▸ **Instructions for the task**:
Print the listing below only from the line that has "- A kitchen" through the line that has "Sélecteur à clé, 2", exactly, and drop any picture.

▸ **Exercise data**:
┌──

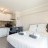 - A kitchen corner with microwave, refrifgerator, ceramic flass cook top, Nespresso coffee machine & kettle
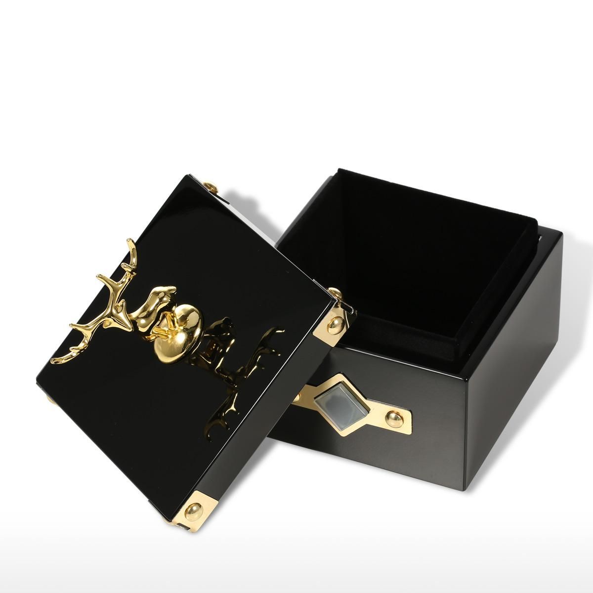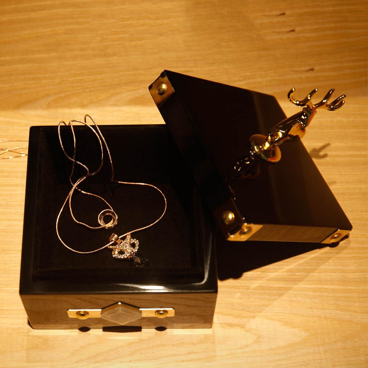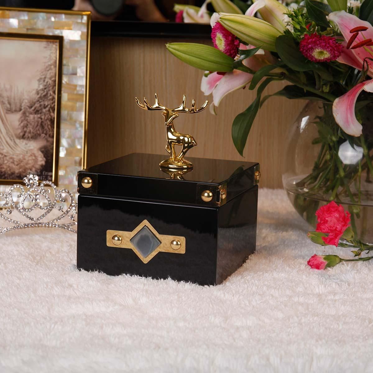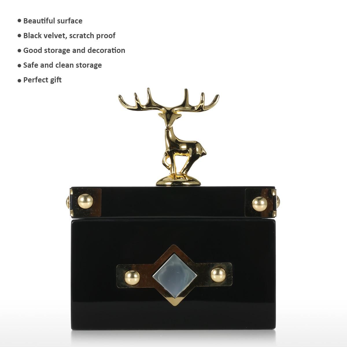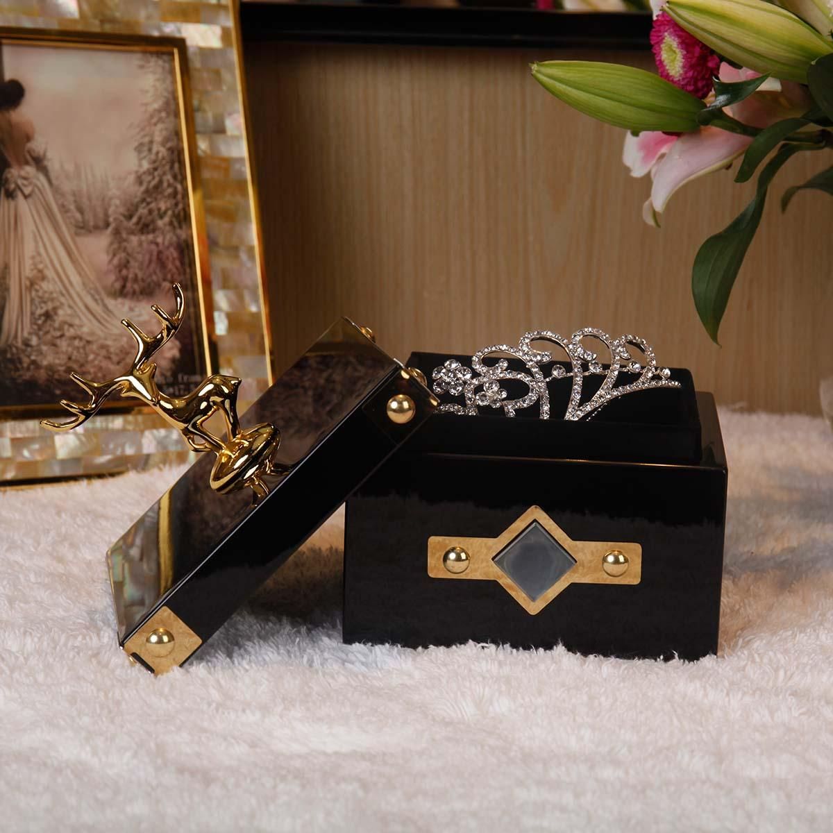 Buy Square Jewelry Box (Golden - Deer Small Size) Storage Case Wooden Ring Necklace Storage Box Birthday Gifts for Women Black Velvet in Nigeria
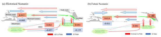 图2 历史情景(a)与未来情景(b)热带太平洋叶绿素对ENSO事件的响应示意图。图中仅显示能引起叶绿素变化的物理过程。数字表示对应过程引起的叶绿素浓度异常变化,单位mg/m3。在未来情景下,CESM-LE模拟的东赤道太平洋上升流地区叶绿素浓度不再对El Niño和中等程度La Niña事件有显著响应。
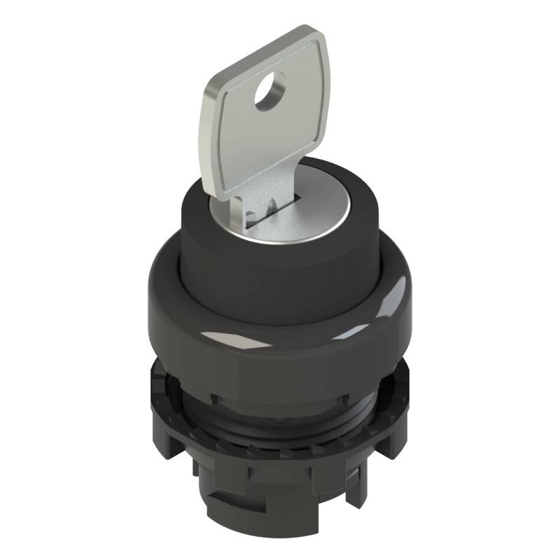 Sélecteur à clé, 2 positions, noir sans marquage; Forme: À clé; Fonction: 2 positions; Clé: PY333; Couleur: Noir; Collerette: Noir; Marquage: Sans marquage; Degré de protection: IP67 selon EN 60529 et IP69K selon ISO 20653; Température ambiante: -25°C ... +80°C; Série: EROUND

└──
┌──

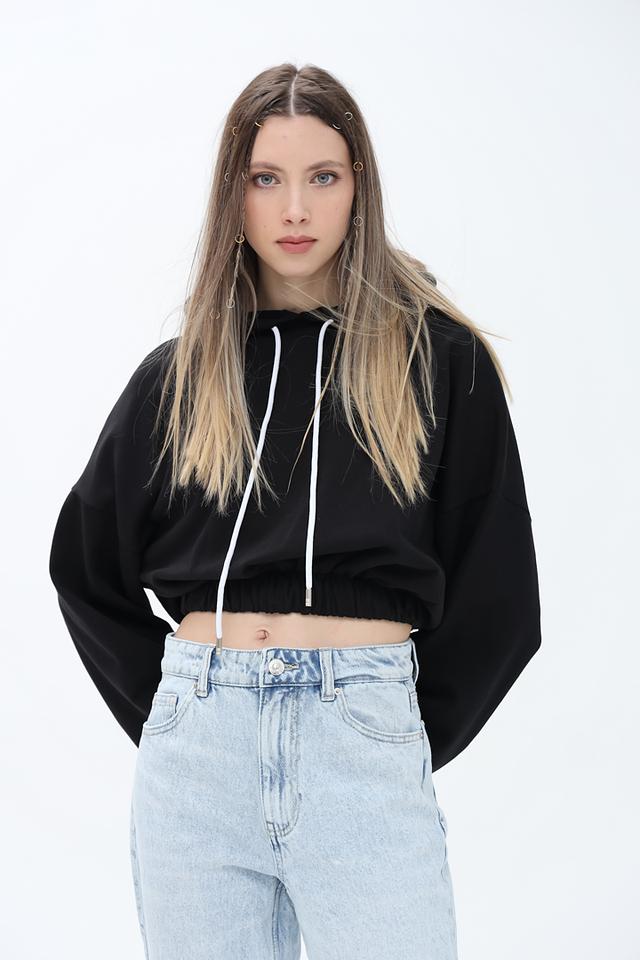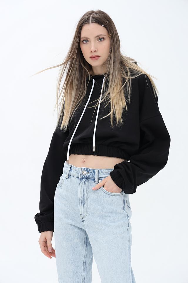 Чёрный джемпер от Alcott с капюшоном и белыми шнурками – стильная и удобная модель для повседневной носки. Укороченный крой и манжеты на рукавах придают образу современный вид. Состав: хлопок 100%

└──

▸ **Solution to this task**:
 - A kitchen corner with microwave, refrifgerator, ceramic flass cook top, Nespresso coffee machine & kettle
 Buy Square Jewelry Box (Golden - Deer Small Size) Storage Case Wooden Ring Necklace Storage Box Birthday Gifts for Women Black Velvet in Nigeria
 图2 历史情景(a)与未来情景(b)热带太平洋叶绿素对ENSO事件的响应示意图。图中仅显示能引起叶绿素变化的物理过程。数字表示对应过程引起的叶绿素浓度异常变化,单位mg/m3。在未来情景下,CESM-LE模拟的东赤道太平洋上升流地区叶绿素浓度不再对El Niño和中等程度La Niña事件有显著响应。
 Sélecteur à clé, 2 positions, noir sans marquage; Forme: À clé; Fonction: 2 positions; Clé: PY333; Couleur: Noir; Collerette: Noir; Marquage: Sans marquage; Degré de protection: IP67 selon EN 60529 et IP69K selon ISO 20653; Température ambiante: -25°C ... +80°C; Série: EROUND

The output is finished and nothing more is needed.